I’m Okay. You’re Okay. Etc.
Father’s Day has been over for a few hours. I suppose I could feel relieved but I don’t, not really. Lately, not having a father has weighed on me more heavily than it has in the past. Certainly, as Father’s Day looms in the horizon and the commercials are all about loving fatherly relationships and the gifts that show your thanks, I have time to wonder what it would be like if I had ever had the opportunity to celebrate Father’s Day and if I ever will. Will there be a day when I have children of my own and I craft presents from infants to a man that I love? As they grow will we create home-made gifts together?
I can’t blame the people I love for taking their dads for granted because it should be something that you can take for granted. No one should be missing something so critical to development, to happiness, to life. Yet, here I am, lacking a father and more-or-less okay without one. It perhaps took some extra hard work on my part and I fight my tendencies to be sexist (after all, I could easily say that almost every male I have ever trusted has hurt me somehow) on a daily basis but I make the effort and I come out on top in spite of it.

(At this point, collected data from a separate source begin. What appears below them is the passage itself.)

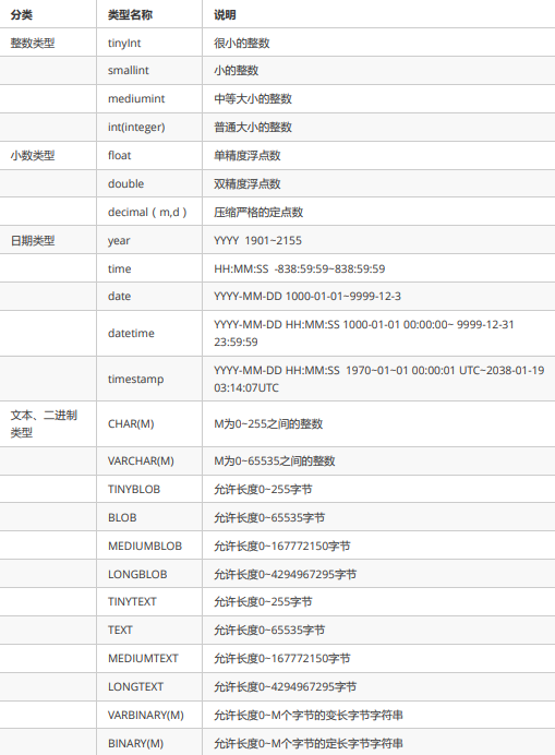 MySQL数据类型 MySQL中的我们常使用的数据类型如下: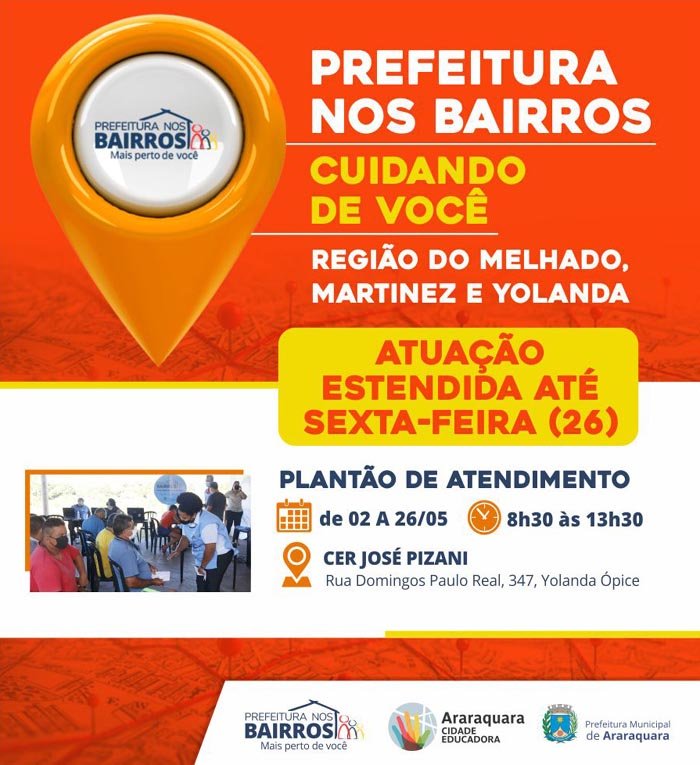 Por conta da alta demanda, a quarta fase da edição 2023 do "Prefeitura nos Bairros", que seria concluída na última sexta-feira (19), acabou estendida até esta sexta-feira (26). Essa etapa do programa atende a região composta pelos bairros Yolanda Ópice, Jardim Martinez, Vila Melhado, Jardim Araraquara, Jardim das Paineiras, Jardim das Palmeiras, Jardim Florença, Jardim Itália, Jardim Palmares, Jardim Paulista, Jardim Portugal, Jardim Santa Júlia III, Jardim Água Branca, Jardim Eliana, Jardim Higienópolis, Jardim Mangiacapra, Jardim Nova Época, Jardim Padre Anchieta, Jardim Santa Rosa, Parque Alvorada, Vila Maria Helena, Vila Normandia, Distrito Industrial I, Jardim Arangá, Jardim Castelo, Jardim das Gaivotas, Jardim Panorama, Jardim São Jorge, Vila Furlan, Vila Guaianazes, Vila Suconasa, Vila Nova, Residencial Antônio Melhado e Residencial Irmãos Laurini.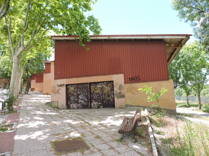 «[...] En 1962 y para la V Feria Internacional del Campo se levantó el Pabellón de Bancadas, que también ha respondido al nombre de Pabellón de El Lago y al de Pabellón de Alimentación, por haber sido utilizado para la exposición de productos alimentarios. Ubicado en la zona norte del recinto ferial, entre la avenida Principal, la calle del Arroz y la ronda del Lago, el mayor condicionante al que debía responder el proyecto era la fuerte pendiente que desciende desde el punto más elevado de la Feria Internacional (la Gran Pista de Exhibiciones, en la actualidad el lugar en el que se sitúa el Madrid Arena) hacia el norte.
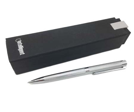 Ручка в футляре BV-192 INTELLIGENT (син) 0.7мм Серебряный матовый корпус с рифлением, в пластик футляре (3/25/500)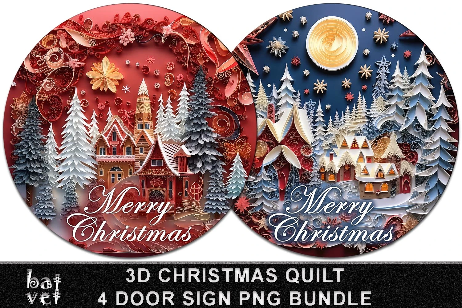 Puffy Christmas 3D Quilt Christmas Village, Christmas Eve, Merry Christmas Door Sign Bundle.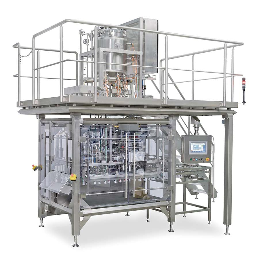 Horizontal filling and sealing machine with four linear tracks for prefabricated flat or stand-up pouches with center spout. By filling through the spout, a higher filling level is achieved in the bag.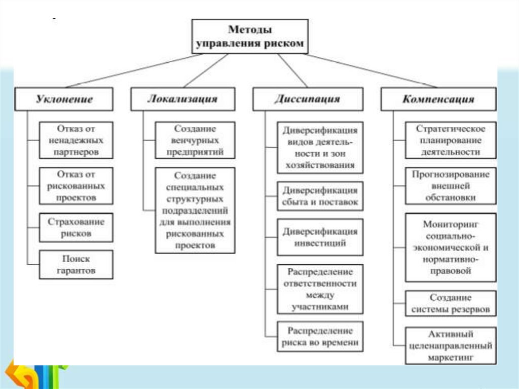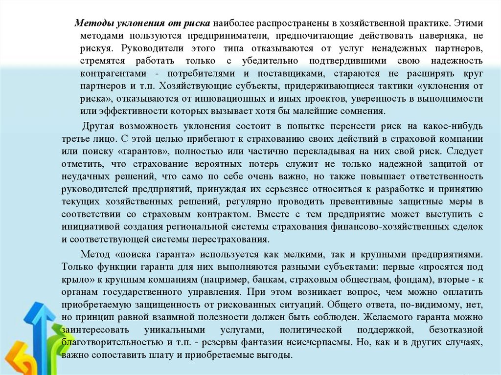 Методы уклонения от риска наиболее распространены в хозяйственной практике. Этимиметодами пользуются предприниматели, предпочитающие действовать наверняка, не
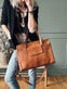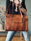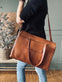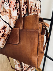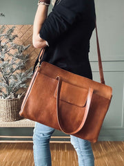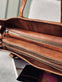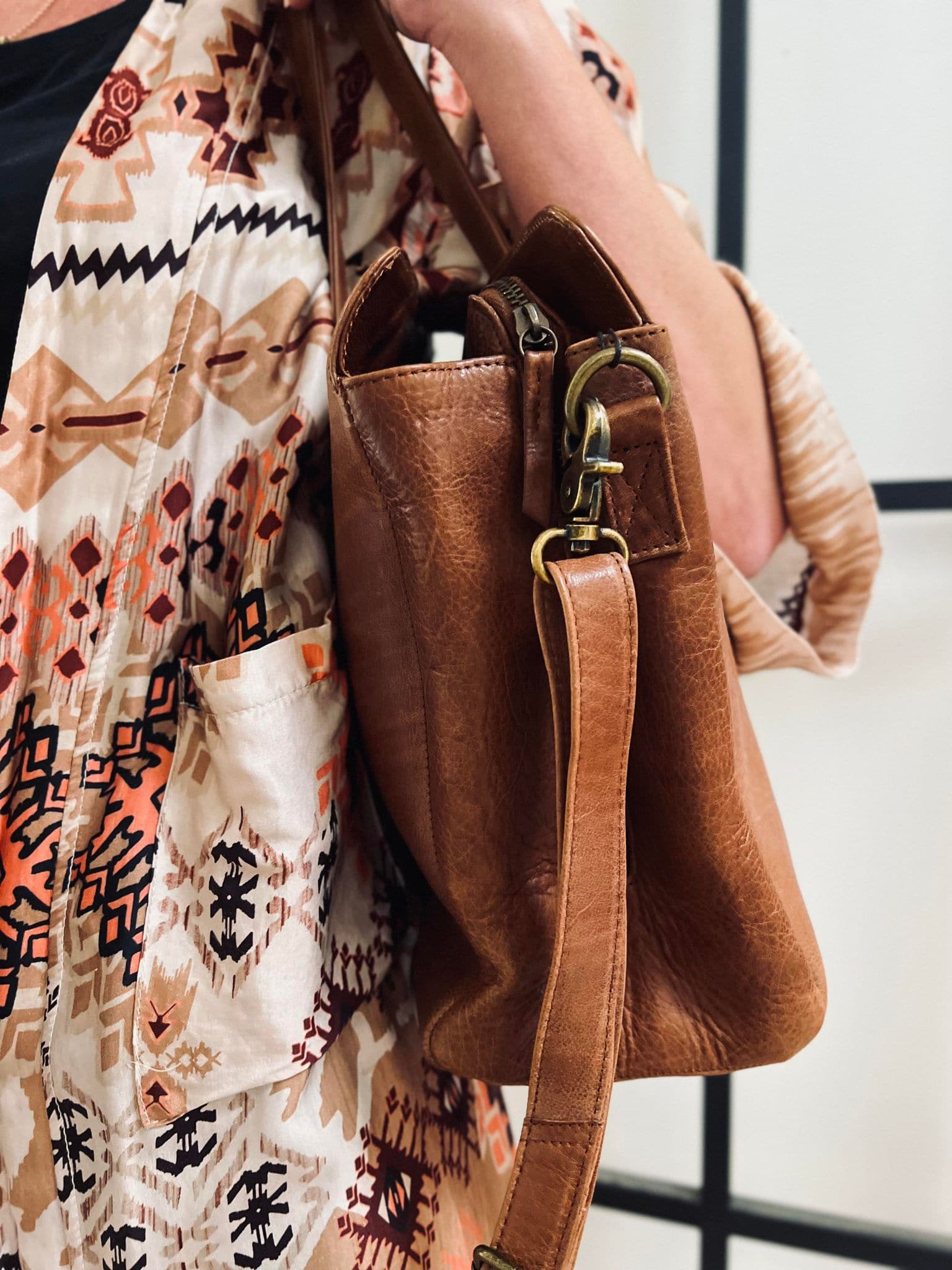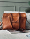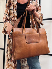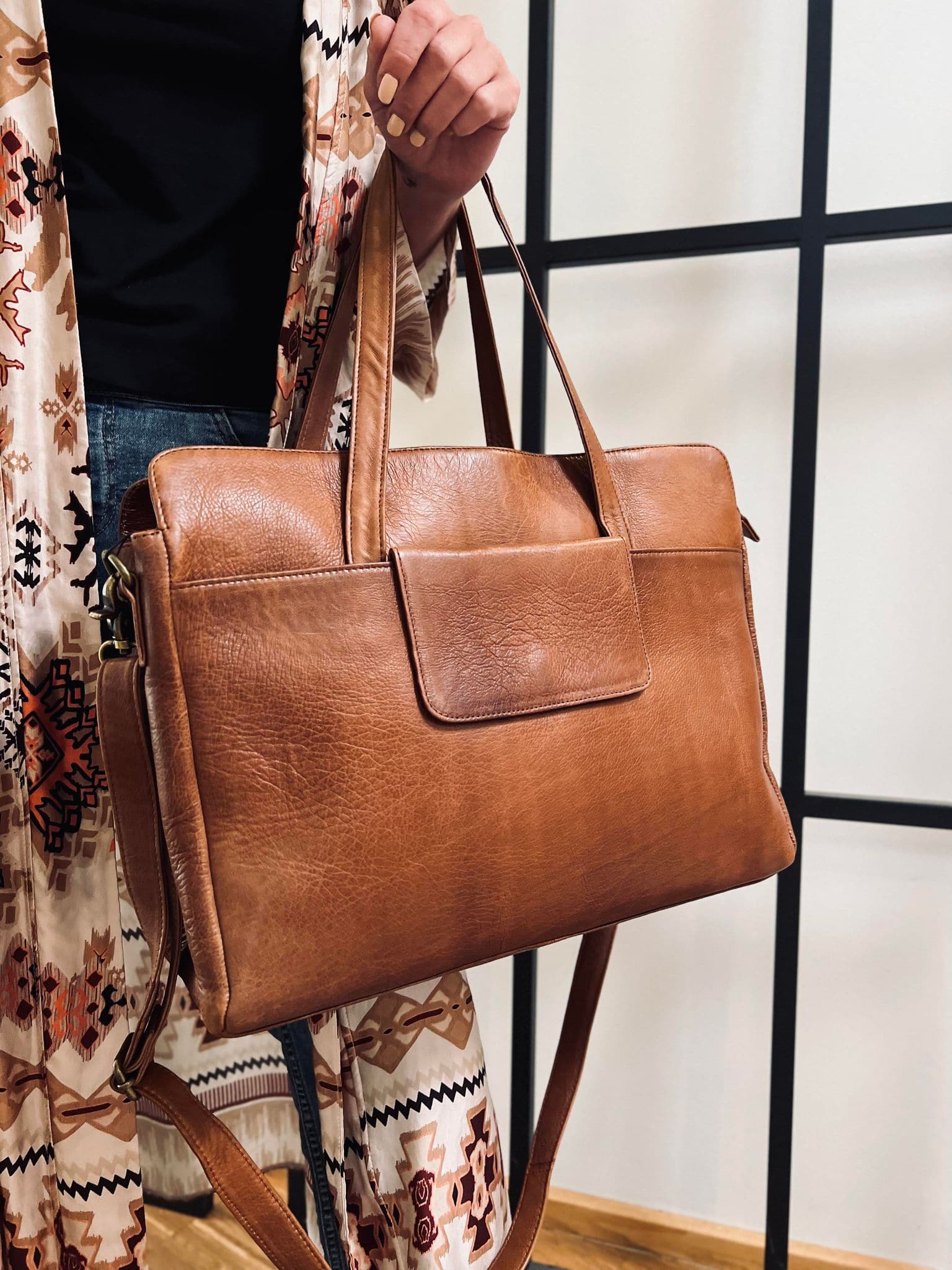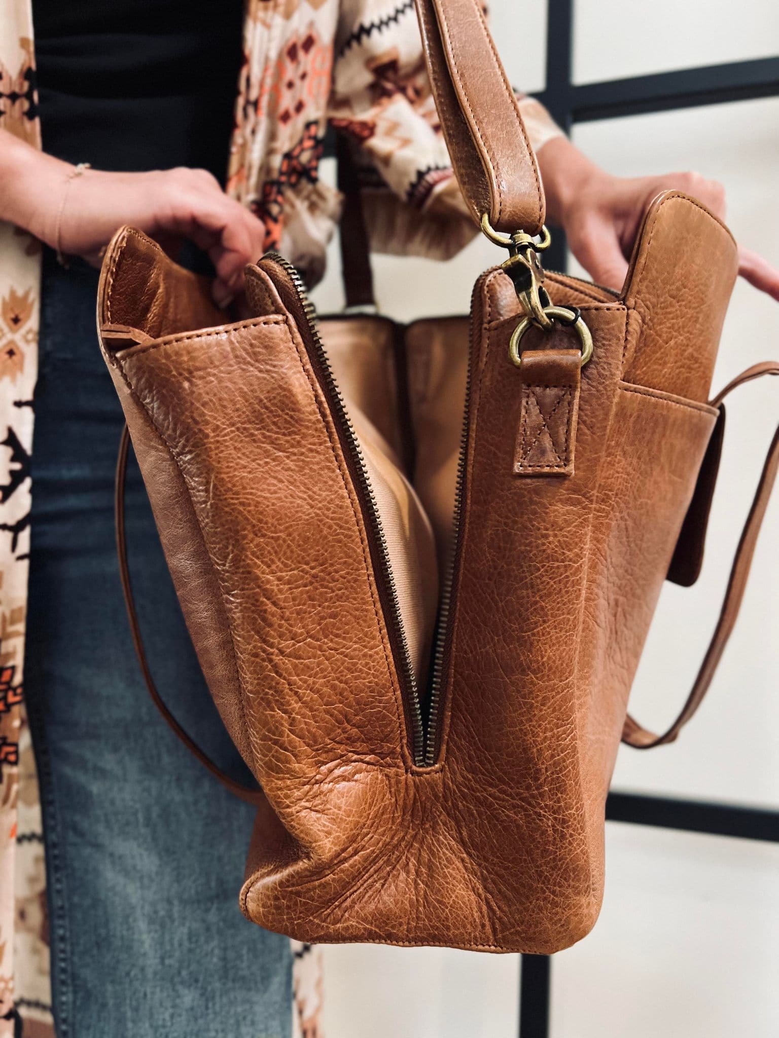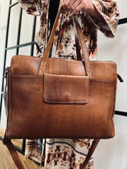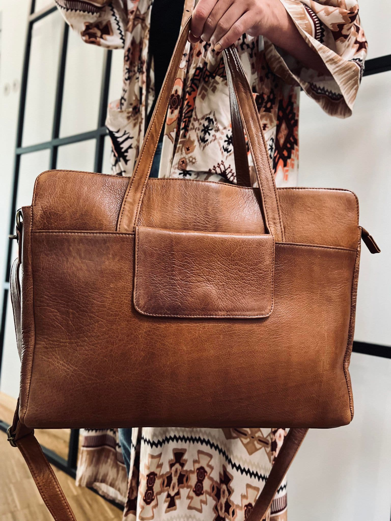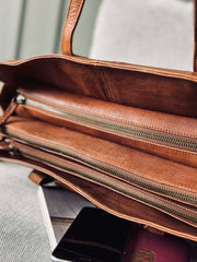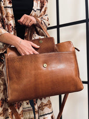 Tasken har tre hovedrum, der lukkes med metallynlåse. Inde i et af rummene finder du en mindre lynlåslomme i foret. Foran på tasken finder du en lomme, som lukkes med læderklap og magnetknap.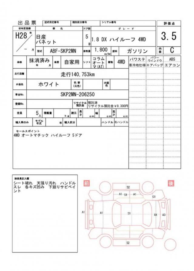 2016 NISSAN VANETTE VAN DX
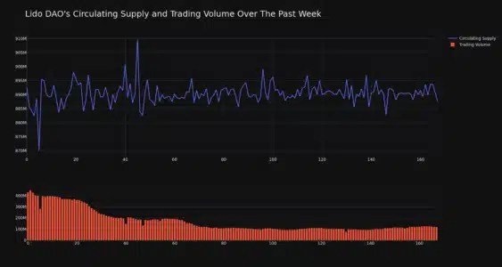 The chart below compares the price movement and volatility for Lido DAO over the past 24 hours (left) to its price movement over the past week (right).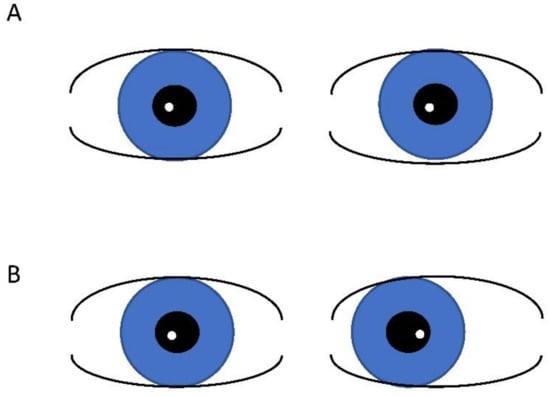 Hirschberg test demonstrating light reflex in same location in aligned (orthophoric) eyes (A) and temporal displacement of the light reflex in esotropia (B).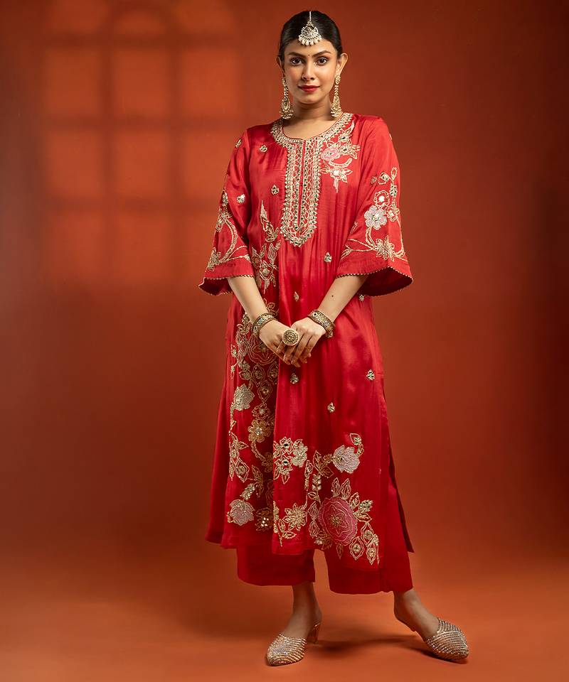Product Name Red Embroidered Cotton Silk Kurta Set

Perhaps that’s all there is to it. To survive this, I control myself because I certainly can’t tell people to stop having fathers or companies to stop posting Father’s Day commercials. Some things just are what they are and, in the meantime, I’m okay.
Nothing I can say would make this better at all so I won’t even attempt. I don’t think that having a Father figure or even a Mother figure is critical to development but I understand what you’re getting at. It’s a sucky situation but try to remember that you’re completely awesome.
I don’t think it’s the end of the world if you’re missing a mother or father. Obviously I came out on top but it took a lot of hard work from myself and I still battle things everyday. I am well adjusting despite not having a father. It’s a hurdle that no one should really have to face, I guess.